Recently, we dropped `commons-lang:commons-lang` during Hive upgrade.
- #46468

However, only Apache Hive 2.3.10 or 4.0.0 dropped it. In other words, Hive 2.0.0 ~ 2.3.9 and Hive 3.0.0 ~ 3.1.3 requires it. As a result, all existing  UDF jars built against those versions requires `commons-lang:commons-lang` still.

- apache/hive#4892

For example, Apache Hive 3.1.3 code:
- https://github.com/apache/hive/blob/af7059e2bdc8b18af42e0b7f7163b923a0bfd424/ql/src/java/org/apache/hadoop/hive/ql/udf/generic/GenericUDFTrim.java#L21
```
import org.apache.commons.lang.StringUtils;
```

- https://github.com/apache/hive/blob/af7059e2bdc8b18af42e0b7f7163b923a0bfd424/ql/src/java/org/apache/hadoop/hive/ql/udf/generic/GenericUDFTrim.java#L42
```
return StringUtils.strip(val, " ");
```

As a result, Maven CIs are broken.
- https://github.com/apache/spark/actions/runs/9032639456/job/24825599546 (Maven / Java 17)
- https://github.com/apache/spark/actions/runs/9033374547/job/24835284769 (Maven / Java 21)

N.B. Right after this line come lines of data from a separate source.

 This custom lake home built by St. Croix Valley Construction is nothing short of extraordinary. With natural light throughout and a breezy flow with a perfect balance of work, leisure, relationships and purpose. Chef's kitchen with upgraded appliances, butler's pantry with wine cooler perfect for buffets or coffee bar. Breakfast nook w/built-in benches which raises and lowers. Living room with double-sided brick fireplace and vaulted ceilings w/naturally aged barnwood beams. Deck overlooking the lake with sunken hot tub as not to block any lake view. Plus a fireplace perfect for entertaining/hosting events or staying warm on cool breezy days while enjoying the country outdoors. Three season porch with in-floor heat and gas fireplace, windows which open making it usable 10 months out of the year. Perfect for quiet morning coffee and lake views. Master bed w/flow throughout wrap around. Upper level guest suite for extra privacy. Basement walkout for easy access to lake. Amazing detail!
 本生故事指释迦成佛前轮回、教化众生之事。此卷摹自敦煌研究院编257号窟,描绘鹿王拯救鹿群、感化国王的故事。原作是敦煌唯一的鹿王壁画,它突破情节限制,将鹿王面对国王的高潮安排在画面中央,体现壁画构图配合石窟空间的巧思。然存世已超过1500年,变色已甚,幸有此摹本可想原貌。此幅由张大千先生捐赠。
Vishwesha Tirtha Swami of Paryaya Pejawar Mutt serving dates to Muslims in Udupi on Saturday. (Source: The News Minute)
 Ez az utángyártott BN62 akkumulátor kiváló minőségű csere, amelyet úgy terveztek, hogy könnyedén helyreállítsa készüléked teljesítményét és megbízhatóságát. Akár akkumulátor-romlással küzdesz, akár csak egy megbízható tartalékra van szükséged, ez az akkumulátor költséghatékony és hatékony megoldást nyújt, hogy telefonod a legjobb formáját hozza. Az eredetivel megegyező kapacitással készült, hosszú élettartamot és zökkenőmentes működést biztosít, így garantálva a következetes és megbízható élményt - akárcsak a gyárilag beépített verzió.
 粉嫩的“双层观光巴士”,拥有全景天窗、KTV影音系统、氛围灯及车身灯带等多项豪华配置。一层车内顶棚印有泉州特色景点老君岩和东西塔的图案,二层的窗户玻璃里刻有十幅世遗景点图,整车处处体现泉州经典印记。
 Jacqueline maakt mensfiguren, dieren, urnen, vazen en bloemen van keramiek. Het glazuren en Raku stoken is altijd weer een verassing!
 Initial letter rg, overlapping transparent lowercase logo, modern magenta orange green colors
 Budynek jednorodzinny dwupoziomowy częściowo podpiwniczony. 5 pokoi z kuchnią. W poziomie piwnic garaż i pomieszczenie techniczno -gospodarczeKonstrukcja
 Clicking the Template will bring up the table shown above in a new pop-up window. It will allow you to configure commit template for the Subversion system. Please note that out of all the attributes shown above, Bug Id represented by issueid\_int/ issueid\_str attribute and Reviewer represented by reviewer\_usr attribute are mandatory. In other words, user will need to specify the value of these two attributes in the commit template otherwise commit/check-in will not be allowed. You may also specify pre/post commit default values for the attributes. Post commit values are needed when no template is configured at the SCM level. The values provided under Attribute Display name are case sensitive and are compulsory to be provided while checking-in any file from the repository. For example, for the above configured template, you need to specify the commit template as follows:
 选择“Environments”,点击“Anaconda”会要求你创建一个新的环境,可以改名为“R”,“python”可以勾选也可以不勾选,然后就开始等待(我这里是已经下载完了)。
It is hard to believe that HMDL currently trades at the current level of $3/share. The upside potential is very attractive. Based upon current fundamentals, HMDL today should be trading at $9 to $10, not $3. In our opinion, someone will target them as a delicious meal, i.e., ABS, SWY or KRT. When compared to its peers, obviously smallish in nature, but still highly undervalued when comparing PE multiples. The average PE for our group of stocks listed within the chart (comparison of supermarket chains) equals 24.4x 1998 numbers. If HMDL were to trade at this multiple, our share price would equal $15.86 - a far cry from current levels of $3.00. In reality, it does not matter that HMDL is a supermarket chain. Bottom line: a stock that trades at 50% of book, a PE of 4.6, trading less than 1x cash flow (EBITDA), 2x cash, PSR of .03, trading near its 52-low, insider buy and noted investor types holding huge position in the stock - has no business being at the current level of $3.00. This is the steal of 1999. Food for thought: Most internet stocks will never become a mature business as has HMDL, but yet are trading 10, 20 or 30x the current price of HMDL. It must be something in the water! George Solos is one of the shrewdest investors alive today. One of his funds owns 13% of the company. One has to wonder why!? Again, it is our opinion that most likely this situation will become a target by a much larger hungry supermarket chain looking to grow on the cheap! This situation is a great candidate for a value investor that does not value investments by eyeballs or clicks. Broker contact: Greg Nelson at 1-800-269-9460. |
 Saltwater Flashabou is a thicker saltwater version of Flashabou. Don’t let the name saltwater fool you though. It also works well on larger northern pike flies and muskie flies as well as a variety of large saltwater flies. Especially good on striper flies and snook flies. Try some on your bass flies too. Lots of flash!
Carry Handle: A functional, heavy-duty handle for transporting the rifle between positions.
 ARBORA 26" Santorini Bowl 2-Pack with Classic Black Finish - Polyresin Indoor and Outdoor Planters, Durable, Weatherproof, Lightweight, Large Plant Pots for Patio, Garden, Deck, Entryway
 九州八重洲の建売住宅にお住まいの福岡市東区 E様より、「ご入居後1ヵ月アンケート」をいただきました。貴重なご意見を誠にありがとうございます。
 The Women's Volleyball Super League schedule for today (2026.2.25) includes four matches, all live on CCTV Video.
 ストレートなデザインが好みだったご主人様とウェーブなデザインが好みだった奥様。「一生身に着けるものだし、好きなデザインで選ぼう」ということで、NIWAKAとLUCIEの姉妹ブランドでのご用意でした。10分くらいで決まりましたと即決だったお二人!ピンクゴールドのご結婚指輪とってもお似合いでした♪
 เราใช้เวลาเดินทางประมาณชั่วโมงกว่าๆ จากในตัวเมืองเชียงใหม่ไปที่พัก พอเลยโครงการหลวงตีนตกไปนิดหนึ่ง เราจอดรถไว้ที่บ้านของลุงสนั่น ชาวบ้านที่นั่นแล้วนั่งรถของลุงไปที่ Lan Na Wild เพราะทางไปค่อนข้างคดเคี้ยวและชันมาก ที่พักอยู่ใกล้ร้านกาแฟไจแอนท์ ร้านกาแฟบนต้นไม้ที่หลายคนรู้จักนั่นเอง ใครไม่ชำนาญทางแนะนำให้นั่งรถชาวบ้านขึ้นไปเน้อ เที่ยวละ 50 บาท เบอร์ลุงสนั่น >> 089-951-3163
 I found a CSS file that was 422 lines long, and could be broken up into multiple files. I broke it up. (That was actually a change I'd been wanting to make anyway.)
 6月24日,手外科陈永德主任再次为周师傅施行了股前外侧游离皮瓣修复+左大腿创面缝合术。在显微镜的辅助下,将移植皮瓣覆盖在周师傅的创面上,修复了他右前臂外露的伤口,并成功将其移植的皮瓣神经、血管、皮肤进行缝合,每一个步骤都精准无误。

The root cause is that the existing test UDF jar `hive-test-udfs.jar` was built from old Hive (before 2.3.10) libraries which requires `commons-lang:commons-lang:2.6`.
```
HiveUDFDynamicLoadSuite:
- Spark should be able to run Hive UDF using jar regardless of current thread context classloader (UDF
20:21:25.129 WARN org.apache.spark.SparkContext: The JAR file:///home/runner/work/spark/spark/sql/hive/src/test/noclasspath/hive-test-udfs.jar at spark://localhost:33327/jars/hive-test-udfs.jar has been added already. Overwriting of added jar is not supported in the current version.

*** RUN ABORTED ***
A needed class was not found. This could be due to an error in your runpath. Missing class: org/apache/commons/lang/StringUtils
  java.lang.NoClassDefFoundError: org/apache/commons/lang/StringUtils
  at org.apache.hadoop.hive.contrib.udf.example.GenericUDFTrim2.performOp(GenericUDFTrim2.java:43)
  at org.apache.hadoop.hive.ql.udf.generic.GenericUDFBaseTrim.evaluate(GenericUDFBaseTrim.java:75)
  at org.apache.hadoop.hive.ql.udf.generic.GenericUDF.initializeAndFoldConstants(GenericUDF.java:170)
  at org.apache.spark.sql.hive.HiveGenericUDFEvaluator.returnInspector$lzycompute(hiveUDFEvaluators.scala:118)
  at org.apache.spark.sql.hive.HiveGenericUDFEvaluator.returnInspector(hiveUDFEvaluators.scala:117)
  at org.apache.spark.sql.hive.HiveGenericUDF.dataType$lzycompute(hiveUDFs.scala:132)
  at org.apache.spark.sql.hive.HiveGenericUDF.dataType(hiveUDFs.scala:132)
  at org.apache.spark.sql.hive.HiveUDFExpressionBuilder$.makeHiveFunctionExpression(HiveSessionStateBuilder.scala:184)
  at org.apache.spark.sql.hive.HiveUDFExpressionBuilder$.$anonfun$makeExpression$1(HiveSessionStateBuilder.scala:164)
  at org.apache.spark.util.Utils$.withContextClassLoader(Utils.scala:185)
  ...
  Cause: java.lang.ClassNotFoundException: org.apache.commons.lang.StringUtils
  at java.base/java.net.URLClassLoader.findClass(URLClassLoader.java:445)
  at java.base/java.lang.ClassLoader.loadClass(ClassLoader.java:593)
  at java.base/java.lang.ClassLoader.loadClass(ClassLoader.java:526)
  at org.apache.hadoop.hive.contrib.udf.example.GenericUDFTrim2.performOp(GenericUDFTrim2.java:43)
  at org.apache.hadoop.hive.ql.udf.generic.GenericUDFBaseTrim.evaluate(GenericUDFBaseTrim.java:75)
  at org.apache.hadoop.hive.ql.udf.generic.GenericUDF.initializeAndFoldConstants(GenericUDF.java:170)
  at org.apache.spark.sql.hive.HiveGenericUDFEvaluator.returnInspector$lzycompute(hiveUDFEvaluators.scala:118)
  at org.apache.spark.sql.hive.HiveGenericUDFEvaluator.returnInspector(hiveUDFEvaluators.scala:117)
  at org.apache.spark.sql.hive.HiveGenericUDF.dataType$lzycompute(hiveUDFs.scala:132)
  at org.apache.spark.sql.hive.HiveGenericUDF.dataType(hiveUDFs.scala:132)
  ...
```

### Does this PR introduce _any_ user-facing change?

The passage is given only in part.